Staying on top of current legislation, rules and regulations is a critical part of a realtor’s job. For example, there have been changes to the regulations regarding older wiring (known as knob and tube wiring) in recent years. In the past, knob and tube wiring was acceptable. Now, homes with this type of wiring can no longer get homeowners’ insurance in most cases. I have seen homes purchased for thousands of dollars over the list price, in bidding wars, that contained knob and tube wiring.
6) Will your realtor do a Comparative Market Analysis (aka: CMA) on homes you are interested in?
A CMA is a study into what the approximate value of a home is. It looks at similar homes in similar geographic areas that have recently sold. Using this gives realtors an accurate guideline into what a specific property is worth. When realtors go to list a home, a CMA is always done to determine value. Yet, I have found many realtors don’t provide them to their home buying clients. How much should you offer on a home you are interested in? How much are similar homes selling for, so that you don’t overpay? These types of questions can be answered with some level of confidence using a CMA. Make sure your realtor performs one for you on each and every home that interests you. Even if you don’t end up buying that specific home, a CMA is one of the best ways to educate yourself on the market.
7) Does your realtor have a general idea of the life expectancy of the components in a home?
Things wear out. Things need to be replaced. Furnaces, shingles, windows, taps…and on and on and on. A realtor should be able to look at many of the components of a home and give a home buyer a general idea of the life expectancy of those items. The key to a successful home purchase is making the most informed decision as possible.
8) Does your realtor have an idea of the costs to repair/replace items in a home?
No home is perfect. As much as you may go look at a home and fall in love…trust me, it does have problems. A home with a brand new “to die for” kitchen may have shingles that need to be replaced in the next two years. Does that mean you shouldn’t buy it? Not at all. Knowing that the cost to replace those shingles will be approximately $4000 can help you determine whether that home is still in your budget or how much you should be offering. Your realtor should also be able to give you a ballpark of how much it will cost for replacements and labour. A kitchen may cost $10,000 to replace the cabinets; however, you also need to know that it may cost you another $5,000 for the installation, if you are not inclined to do it yourself.
9) Will you be hiring a specific agent or their assistant/buyer’s agent?

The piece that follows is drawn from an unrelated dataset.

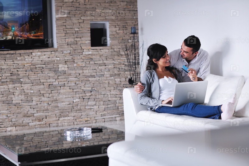 Молодая пара с ноутбуком в современной гостиной
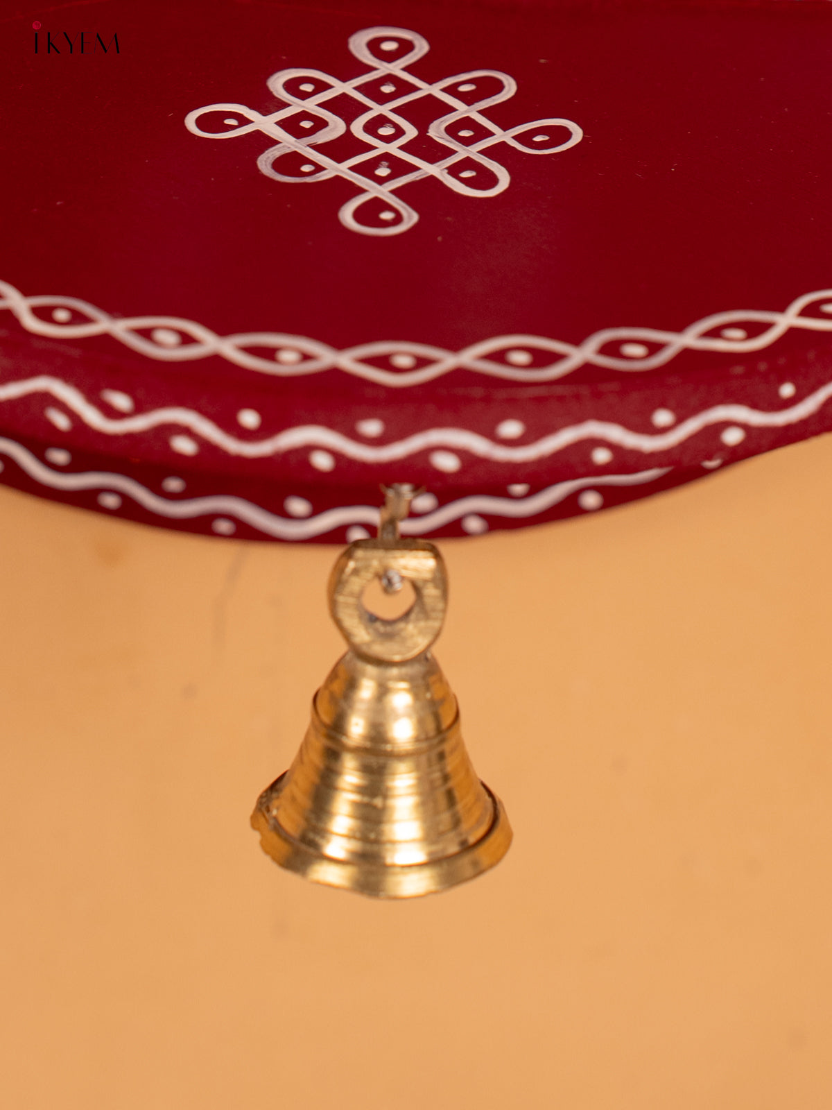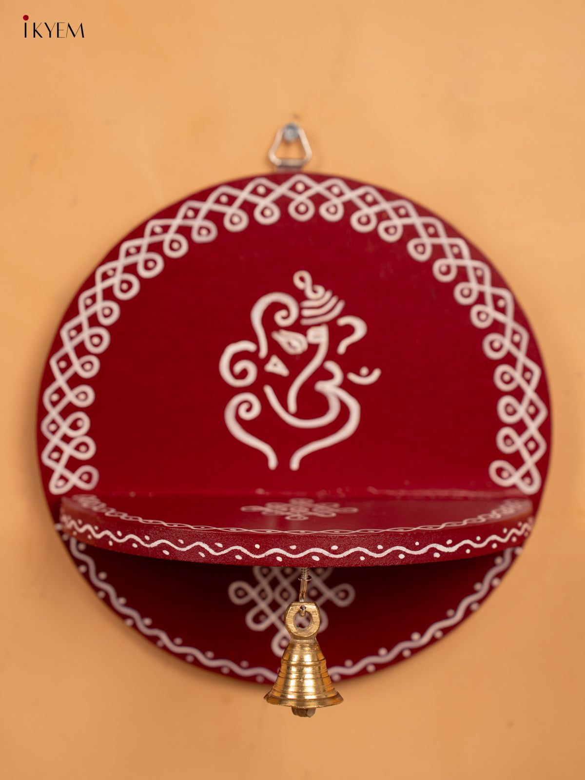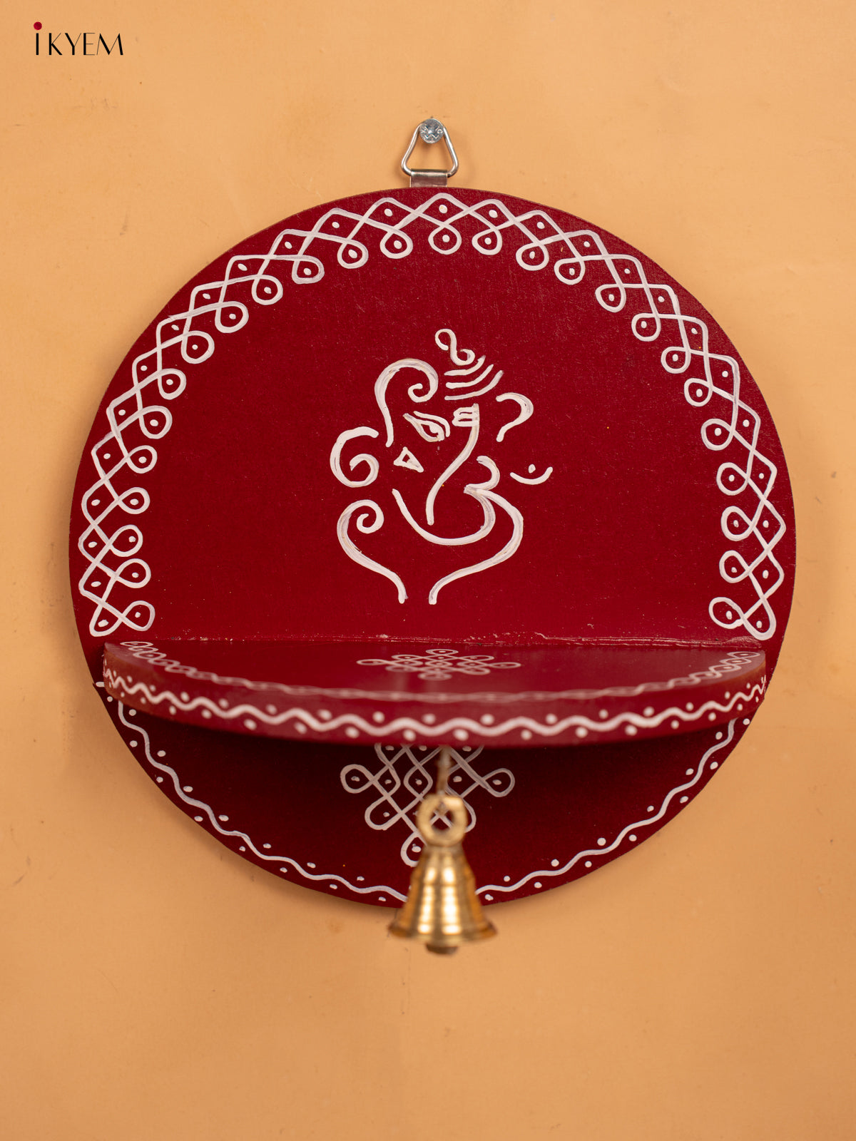 Hand Painted Round Wall Shelf with Brass Bell - Maroon - KB17158

Many realtors have assistants and buyer’s agents. It’s a very common business model used in the world of real estate. However, you need to know who will be helping you find a home – you don’t want to be stuck with a realtor’s assistant when you want the actual realtor. Make sure you ask in advance who you will be working with. If it turns out that you won’t be using the “main agent” you thought you would be using, then you should proceed with interviewing their assistant/buyer’s agent.
10) Does your agent keep on top of current economic trends as they pertain to real estate?
I cannot emphasize this enough. Buying a home is a huge decision. It can impact your family’s economic well-being for years to come. You need to know not only the value of the home you are about to buy, but also what kind of economic climate you are investing in today and tomorrow. If you are considering getting into a bidding war and paying thousands of dollars over list price, your realtor should be able to justify the dollars you are offering based on future economic forecasts. Understanding the economy is a critical part of a realtor’s job.
Helping you be informed and objective
You don’t need a realtor to advise you on how nice a room is painted or how great the stainless steel hardware is on the kitchen cabinets. You can determine that for yourself. You need your realtor to help you make an informed, objective home buying decision.